Wednesday, October 24, 2012

All hallows fire

As Samhain approaches bon fires will be blazing. This year why not make a special show and create colored fire.

For extra fun this Samhain/Halloween change the color of the flames

For Candles: add the chemicals to the wax, or soak the wicks in a
Solution of the chemicals using the "recipes" below

To Add to a Fire: Put three level spoons of the chemical into a paper
Cup; fill 1/2 full with water and stir. Soak several small chips of
Wood in this solution overnight. The next day, remove the chips with
Tweezers and lay on newspaper to dry. They can now be added to the
Flames to produce bright colors.

Brilliant Red Flame: strontium chloride

Deep Red Flame: boric acid or stronium nitrate

Red-Orange Flame: calcium choloride or calcium

Orange flame: calcium chloride

Yellow-Orange Flame: calcium chloride

Bright Yellow Flame: table salt, Sodium Chlorate or Potassium Nitrate

Yellow-Green Flame: borax (sodium tetraborate)

Green Flame: Borax or Boric acid, copper nitrates or barium nitrates,
Alum (thallium), or copper sulfate (blue vitrol/bluestone)

Blue Flame: calcium chloride

Violet Flame: potassium sulphate, potassium nitrate (saltpeter), or
Lithium Chlorate

White Flame: Epsom salts (magnesium sulfate)

Another special effect can be achieved by sprinkling powdered iron
Into a flame. If this is done slowly enough, a number of yellow,
Sparkling "stars" can be seen clearly.

WARNING: Add ONLY one chemical for color variation.


Color burning Pinecones

The Things You'll Need:
Pine cones
Deep glass or plastic bowl
One salt or compound for color

Pour 1/2 gallon of hot water into a deep glass or plastic bowl.

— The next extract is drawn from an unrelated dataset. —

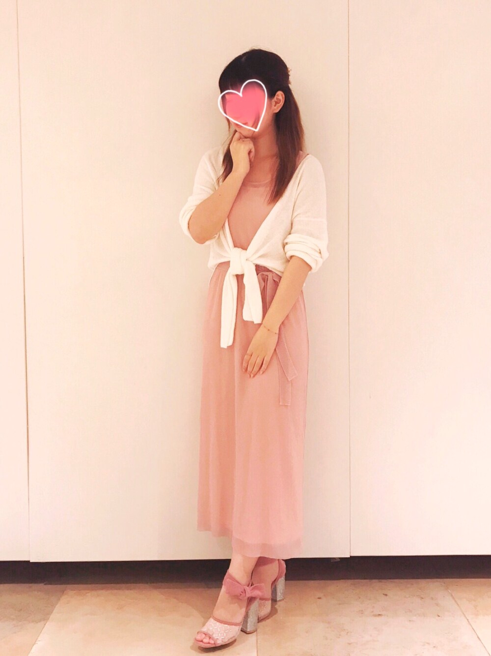 momochanのワンピース「光沢プリーツタンクワンピース」を使ったコーディネート

Dissolve 8 ounces of any one of the following chemicals in the water:

Alum (thallium) for a bright green flame
Strontium chloride for a bright red flame
Boric acid for a deep red flame
Calcium for a reddish-orange flame
Calcium chloride for a yellowish-orange flame
Table salt for a yellow flame
Borax (sodium tetraborate) for a yellow-green flame
Blue vitriol (copper sulfate) or barium for a green flame
Saltpeter (potassium nitrate) for a violet flame
 Epsom salts (magnesium sulfate) for a white flame.

 Soak the pine cones in the solution for 6 hours.

Dry them for at least three days in a warm, dry area on newspaper or hang in a mesh bag.

To get the pine cones looking their best, heat them in the oven at 225 degrees F on a foil-covered cookie sheet. They will open all the way and look fuller.

Use only one salt or compound for color.

Be very careful handling these chemicals and follow the manufacturer' s directions. Some compounds can be poisonous if mishandled.